Happy Mother’s Day!

Mother’s Day is Sunday, May 13. Read a novel or memoir about motherhood (and grandmotherhood) and have a happy Mother’s Day!

Mother’s Day is Sunday, May 13. Read a novel or memoir about motherhood (and grandmotherhood) and have a happy Mother’s Day!

Home Safe by Elizabeth Berg
After the death of her husband, Helen Ames is shocked to discover that he spent their retirement savings before he died, but what he did with their money leads Helen and her 27-year-old daughter Tessa to embark on new adventures.

How to Be an American Housewife by Margaret Dilloway
Entreated to visit her ancestral family in Japan in place of her ailing mother, Sue uncovers family secrets that influence her life in unforeseen ways, offer insight into her mother’s marriage to an American GI and reveal the role of tradition in shaping personal choice.

29 by Adena Halpern
Ellie Jerome is a 75-year-old who feels she has more in common with her granddaughter, Lucy, than her daughter, Barbara. After a birthday wish to be 29 again for a single day, she and Lucy are sent on an adventure of unexpected twists and turns.
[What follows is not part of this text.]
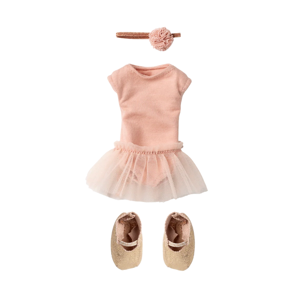 Das perfekte Set für eine Ballettstunde. Das Set enthält Anzug, Rock und Schuhe und passt dem Hasen Größe 2.

Bloom: A Memoir by Kelle Hampton
Recounts the author’s first year with her newborn daughter, Nella–who has Down syndrome–and her own journey of transformation as she realized that she had been chosen to experience an extraordinary and special gift.

Watermelon by Marian Keyes
When her husband, James, leaves her after she delivers her first child, Claire retires to her family in Dublin, where she slowly recovers from the experience, giving James a big surprise when he shows up again.

The Rest of Her Life by Laura Moriarty.
When her daughter accidentally hits and kills another high school girl with the family’s car, Leigh, a troubled mother, is forced to confront her relationship with her daughter and her long-buried feelings towards her own neglectful mother.

Things I Want My Daughters to Know by Elizabeth Noble
Having received letters and a journal from their mother written at the end of her life, four sisters struggle through their first year without her, a time marked by their bereavement and efforts to achieve joy and passion.

Not Becoming My Mother: And Other Things She Taught Me Along the Way by Ruth Reichl
Reflects on the author’s mother, focusing on her early life as a bookstore owner and housewife and the diaries she kept which had been retrieved by her daughter after her death.

Best Friends, Occasional Enemies: The Lighter Side of Life as a Mother and Daughter by Lisa Scottoline and Francesca Serritella
A mother and daughter present personal essays that explore life through their close bond, in a volume inspired by their weekly column, “Chick Wit,” that discusses such topics as their relationship, their carb counts, and the green jacket that almost caused a catfight.

The Leopard Hat: A Daughter’s Story by Valerie Steiker
The author describes her magical childhood growing up on Manhattan’s Upper East Side with her mother, a Belgian Jew hidden as a child from the Nazis during World War II, whose appetite for joy, flamboyance, and protectiveness surrounded her family with love, and the tragic loss of her mother during her junior year at Harvard.